KERJAYA has been awarded a RM226m building job in Penang by Aspen Vision City Sdn Bhd (Aspen). The latest contract has boosted its YTD job wins to RM1.5b and outstanding order book to RM4.7b. We continue to like KERJAYA for its innovative and hence high-margin formwork construction method. We keep our forecasts, TP of RM1.64 and OUTPERFORM call.
KERJAYA has been awarded by Aspen a RM226m contract in Seberang Perai Selatan, Penang, for the design and build of two 37- storey apartment blocks with 980 residential units, and a 7-storey podium consisting of carparks, community recreational facilities and shop lots. The contract period is 42 months.
We are positive on the latest contract that has boosted its YTD job wins to RM1.5b, which has met our full-year assumption of RM1.5b and surpassed the company’s own target of RM1.2b. The latest contract has also boosted its outstanding order book to RM4.7b and we expect the contract to fetch a PAT margin of 10%.

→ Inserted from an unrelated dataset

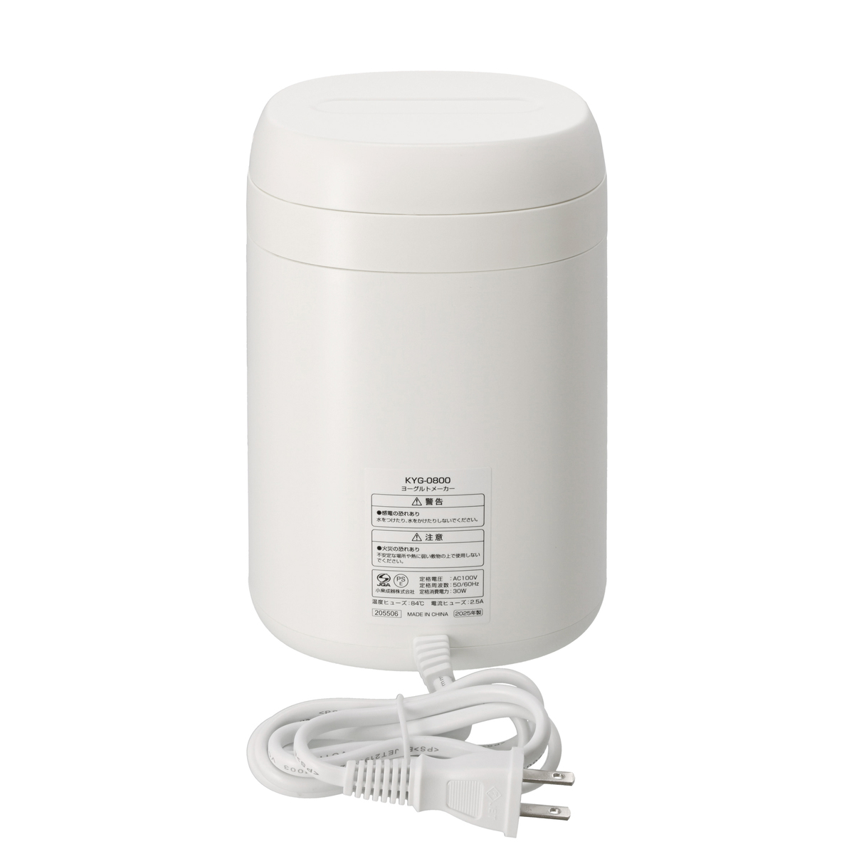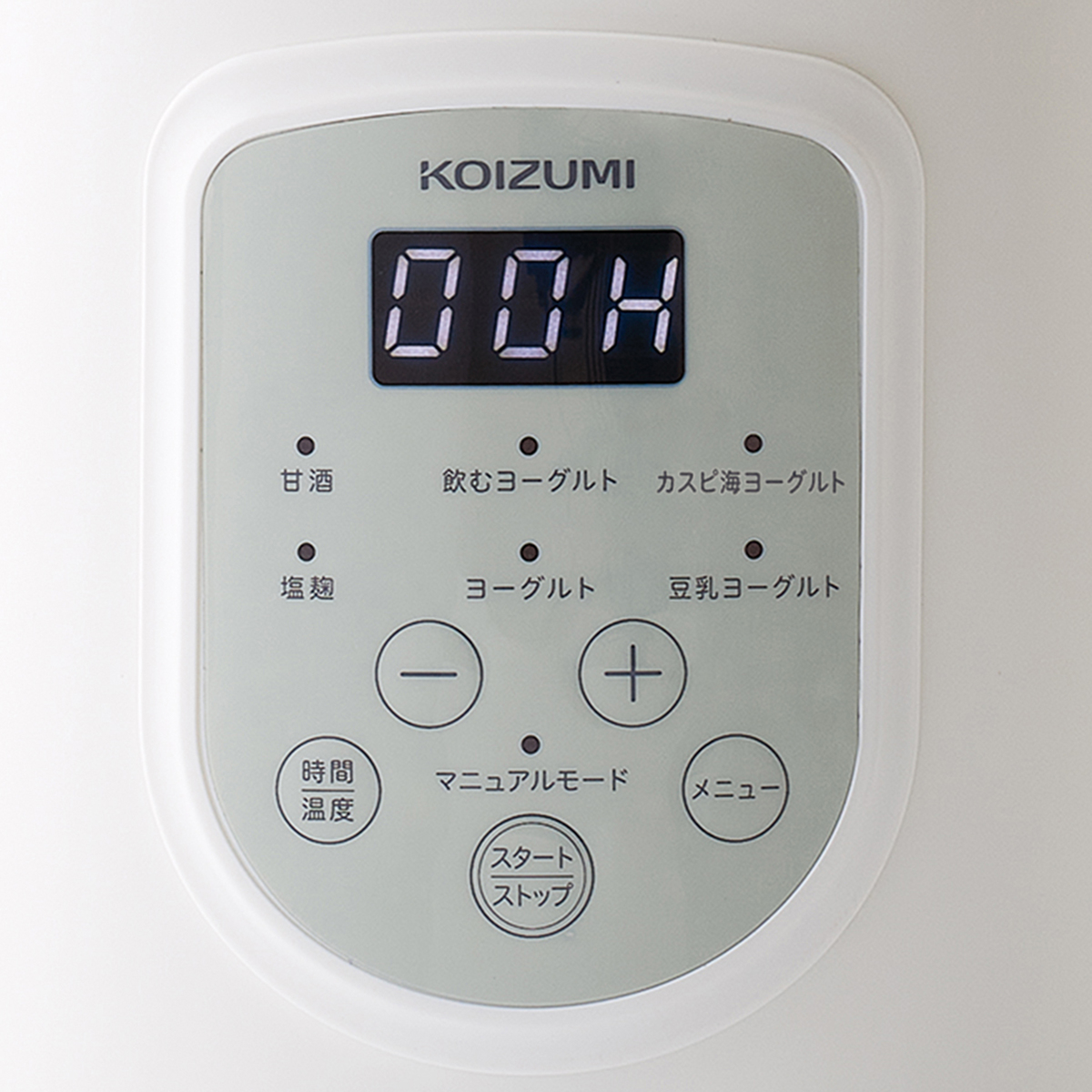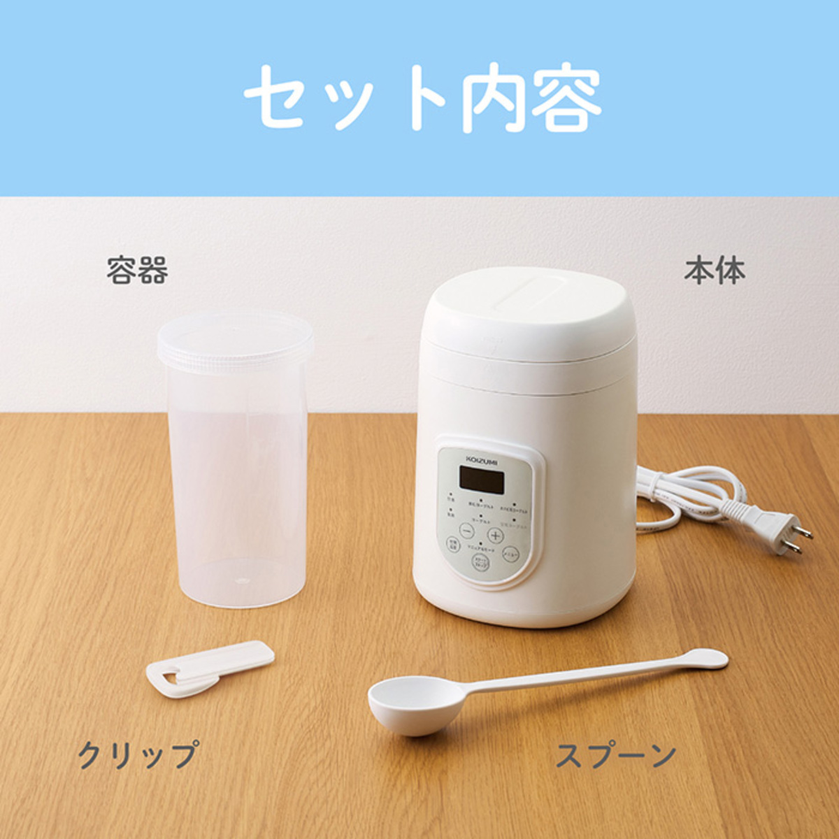 [商品内容] ・本体 ・容器 ・スプーン ・クリップ [サイズ] 約幅14×奥行14×高さ20cm [重量] 約660g [コード長さ] 約1.2m [容量] 800ml(牛乳パック使用時は1000mlまで) [消費電力] 30W [お手入れ] <本体> 1、水またはぬるま湯を含ませたやわらかい布で汚れを拭き取る 2、乾いたやわらかい布で水分を拭き取る <容器、容器ふた、スプーン、クリップ、本体ふた> 1、台所用中性洗剤を含ませたスポンジで洗う 2、水洗いする 3、乾いたやわらかい布で拭く [注意事項] ※使用不可:食器洗い機 ※カスピ海ヨーグルトを作る場合、必ず室温30℃未満の環境で調理する。カスピ海ヨーグルトは、30℃を超えるとうまく作ることができません。暑くなる場所を避け30℃以下の材料を使用して下さい ※牛乳パックで作る場合、天面が平らなもの(クリップで閉じられないもの)は使用しない ※改造はしない。修理技術者以外の人は、分解したり修理をしない ■取り扱い説明を充分にご確認の上、ご使用下さい 【中国製】 [使用方法] <使用前の準備> 器具を熱湯で消毒する ・使用前に容器やスプーンを必ず熱湯消毒する。調理物が腐敗し誤って摂取した場合に食中毒の原因となります ・熱湯消毒する際は、やけどに注意する ・容器に熱湯を入れて振らない。中身が漏れ出てやけどする恐れがあります(付属の容器は密閉容器ではありません) ・煮沸消毒はしない。破損や溶けの原因となります ※雑菌が混じると、ヨーグルトをうまく作ることができません。次のものは素手で直接触れないようご注意下さい ・熱湯消毒した容器・容器ふたの内側 ・熱湯消毒したスプーン(材料に触れる部分) ・材料 また、熱湯消毒した容器やスプーンをふきんなどで拭かないで下さい ・熱湯消毒が必要なもの:容器、容器ふた、クリップ、スプーン、その他計量カップなど材料に直接触れるもの <熱湯消毒の方法> 1、容器・容器ふた・スプーン・クリップを台所用中性洗剤でよく洗う ・洗浄後、洗剤が残らないように水でよく洗い流す 2、耐熱性のおけなどに器具と沸騰させたお湯を入れ、2〜3分つけおきする。または器具に沸騰させたお湯をまんべんなく回しかける ・容器や容器ふたは、内側までしっかり熱湯がかかるようにする ・熱湯消毒後、軽く水を切る ・容器や容器ふたの内側を素手で触ったり、ふきんなどで拭かない <材料を準備する> 付属の容器で作る場合 1、容器に材料を入れ、スプーンでよくかき混ぜる 2、容器のふたを確実に閉める。容器に密閉性はありません。材料を入れた後の容器を振らないで下さい 牛乳パックで作る場合 1、牛乳パックの注ぎ口をすべて開き分量外の牛乳を他の容器に移す ・牛乳パックは、必ず未開封で新しいものを使用する ・牛乳パックの内側を素手で触らない 2、牛乳パックにスターターを入れスプーンでよくかき混ぜる 3、牛乳パックの上部をクリップで確実に閉じる 使い方 1、材料を入れた容器、または牛乳パックを本体にセットし本体ふたをかぶせる 1000mlの牛乳パックを使用する場合は、本体ふたを取説を参照に引き伸ばす 2、電源プラグをコンセントに差し込む。主電源が入ります ・表示部に「888」と表示された後「00H」と表示されます ・すべてのランプが一度点灯し消灯します 3、[メニュー]ボタンを押す ボタンを押すたびに、メニューランプが順番に点滅します 使用したいメニューのランプが点滅するまで繰り返しボタンを押す メニューを選択すると、自動で時間と温度が設定されます(マニュアルモードを除く) マニュアルモードで作る場合 I、時間を設定する(1時間〜48時間) II、温度を設定する(25℃〜70℃) 4、スタート/ストップボタンを押す 調理が始まり選択したメニューのランプが点灯します 表示部には調理の残り時間が一時間刻みで表示されます 調理が終了すると表示部に「00H」と表示されて選択したメニューのランプが点滅します ・途中で調理を終了する時:スタート/ストップを押す。洗濯したメニューのランプが点滅し調理が停止します。再度スタート/ストップを押すと再開します 5、調理終了後は電源プラグをコンセントから抜く 6、容器/牛乳パックを本体から取り出し早めに冷蔵庫に入れる

Meanwhile, its tender book stands at c.RM1.5b−RM2.0b currently, comprising: (i) building/reclamation jobs from its sister companies i.e., E&O and KPPROP, (ii) MNC industrial warehouse/factories (via its JV with Samsung C&T), and (iii) third-party building jobs in the Klang Valley.
Forecasts. Maintained.
We also keep our SoP-TP of RM1.64 (see next page), valuing its construction business at 14x forward PER, at a discount to 18x we ascribed to large contractors (i.e., GAMUDA, IJM and SUNCON) given KERJAYA’s focus in on the high-rise building sector currently weighed down by an oversupply in the office and residential segments. There is no adjustment to our TP based on ESG given a 3-star ESG rating as appraised by us (see Page 3).
We continue to like KERJAYA for: (i) its innovative and hence highmargin formwork construction method, (ii) its lean and hands-on management team with a strong execution rack record, (iii) its strong earnings visibility underpinned by a sizeable outstanding order book and recurring orders from related companies (E&O, KPPROP). Maintain OUTPERFORM.
Risks to our call include: (i) further deterioration in the prospects for building jobs, (ii) rising input costs, and (iii) liquidated ascertained damages (LAD) from cost overrun and delays.